Конечно, он не понимал. Не мог. Не знал, что дело не в престиже: стоял вопрос жизни и смерти. Я столько раз обвинял Лавентина в риске чужими жизнями, что сейчас было
— Ты должен найти способ снять браслеты.
Хотелось чего-нибудь покрепче, чтобы вырубило быстро и эффективно, чтобы не вспоминать о Лене и о том, что кому-то из нас, возможно, придётся умереть. Я перебирал графины и бутылки.
— Постараюсь, — отозвался Лавентин. — В крайнем случае, снимем их через год. Если проявить волю…
Я не выдержал, перебил:
— Никакой воли не хватит сопротивляться зову браслетов.
— Но они же не могут в буквальном смысле заставить исполнить супружеский долг. Да, они будут притягивать, оказывать физическое воздействие, но разум сильнее. Если принять твёрдое решение устоять и следовать ему…
Как же это похоже на то, что я думал почти двенадцать лет назад. Бред! Наивный бред! И слушать мерзко. Выдернув пробку из графина, я стал пить прямо из горла, захлёбываясь жгучей жидкостью, чувствуя, как жар охватывает тело и плавит мозг, искажая окружающее пространство, размягчая, точно желе.
Приступ тошноты заставил остановиться. Попытался заткнуть горлышко, но пробка била по пальцам, соскальзывала по двоящейся кромке. Ну и Хуехун с ней. Сунул графин и пробку обратно в бар.
Бутылки и графины двоились, мысли расползались. Почти сладко от этой накатывающей дурноты, обещавшей забвение.

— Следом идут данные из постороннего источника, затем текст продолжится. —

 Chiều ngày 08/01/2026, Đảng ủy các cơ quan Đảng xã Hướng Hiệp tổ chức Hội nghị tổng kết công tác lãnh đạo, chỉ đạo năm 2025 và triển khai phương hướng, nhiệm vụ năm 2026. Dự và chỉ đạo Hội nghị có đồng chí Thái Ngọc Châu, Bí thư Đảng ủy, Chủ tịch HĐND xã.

Ах, да, мы же говорили о брачных чарах… Алой пульсацией промчались мысли о Талентине, в груди разлилась боль. Опираясь на край барной дверцы, я зажмурился, пытаясь прогнать леденящий кровь ужас. Ситуации Лавентин не понимал. А должен осознать, что варианта, который он сейчас так наивно расписывал, не существует.

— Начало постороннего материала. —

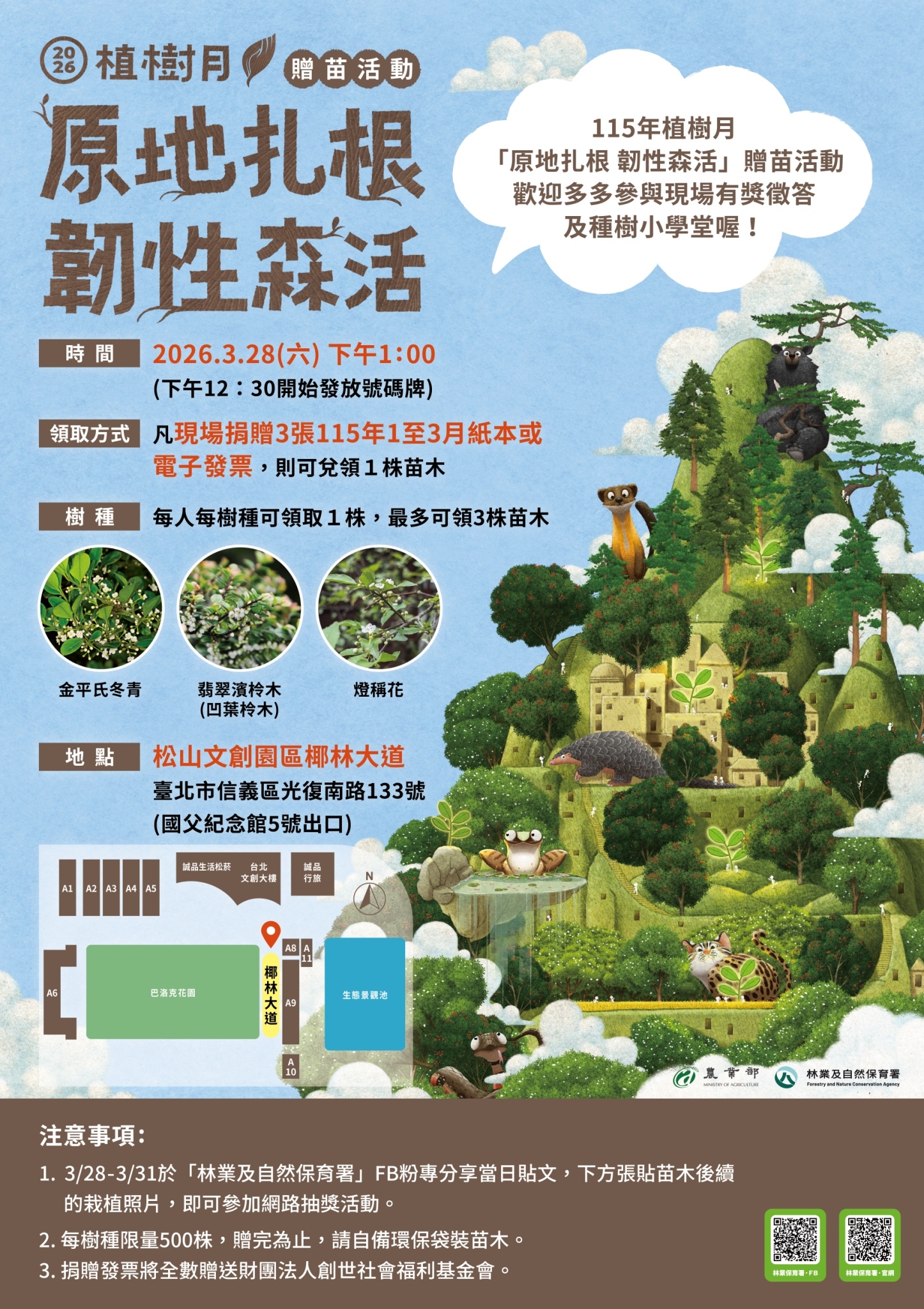 農業部林業保育署訂於3月28日在臺北松山文創園區椰林大道舉辦115年植樹月「原地扎根.韌性森活」贈苗活動,提供金平氏冬青、翡翠濱柃木(凹葉柃木)、燈稱花等3樹種共計1,500株提供民眾領取。領苗民眾需自備環保袋,以3張115年1至3月發票兌領1株苗木,每人每種苗木最多兌換1株,所募發票將全數捐贈財團法人創世社會福利基金會。活動自下午1時開始(12時30分開始發放號碼牌,贈苗時間最晚至下午4時,贈完為止)。 當天現場設有「種植小學堂」服務攤位,透過專業職人現場栽植解說,推廣原生植物景觀特色與生態價值,讓現場民眾體認原生植物對環境韌性的關鍵作用,同時也加強生物多樣性與風險調適力等觀念。在等候領苗過程,林業保育署也有有獎徵答活動,歡迎民眾踴躍參與,將有機會獲得臺灣原生樹種系列小禮物。領完苗的民眾也可以順道走一趟松山文創園區(台灣設計館03展間),參觀林業百年展「100Y山林有時:___」特展,體驗林業在臺灣的百年軌跡,引領國人一同思考我們與山林之間的未來。 林業保育署說明,贈苗活動主要是推廣臺灣原生植物,種下韌性未來,讓森林與生活共好。本次特別挑選具有韌性的樹種,也適合居家種植,創造更有綠意的居家生活。 活動詳情請參閱「植樹月贈苗活動一覽表」(https://url.forest.gov.tw/115tree)或至林業保育署臉書專頁查詢。 林業及自然保育署贈苗日期及活動地點:115年3月28日(星期六)下午1時於臺北松山文創園區椰林大道(臺北市信義區光復南路133號/誠品生活松菸對面)。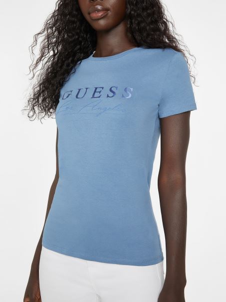 Tricou Cu Logo Sallie Rigel Blue Eco Guess

Но как донести до этого наивного, взбалмошного мальчишки, что он должен придумать что-то другое, придумать немедленно? Объяснить, не признаваясь в моей подлости.
— Знаешь, почему Талентина покончила с собой? — спросил я.
— Ты не рассказывал.
Не рассказывал? Да, кажется… вроде только на Сарсанну кричал, когда она пришла после смерти Талентины. А что кричал? Не помню…
Сосредоточился на том, что надо объяснить ситуацию. Слова всплывали из тумана опьянения удивительно легко, будто ждали:
— Мои ухаживания и предложения она приняла под давлением родственников. Даже, я бы сказал, из-за их шантажа. В первую брачную ночь она заплакала и призналась, что любит другого, без него ей не жить, и если я хоть каплю её люблю, то должен отпустить. — К горлу подступала тошнота, я помахал рукой. — Конечно, я был молод и благороден, тоже верил в силу воли и прочие глупости. Считал, что никакой брачный браслет мне не указ, и если я захочу… — Меня захлестнуло отвращением. Как глуп я был тогда! Стискивая губы, я давил ненависть к своей наивности. — А потом начался кошмар. Во снах. Наяву. Мы часами не могли отойти друг от друга. Порой было трудно понять, где сон, где реальность. И в какой-то момент физическое воздействие стало настолько велико, что мы не удержались. Ночью, пока я ещё спал, Талентина осознала, что навеки привязана ко мне и не будет с любимым. Написала прощальную записку и утопилась. Конец истории.
Я выдохнул.
Не так уж страшно оказалось в этом признаться. Хотя завтра я об этом пожалею.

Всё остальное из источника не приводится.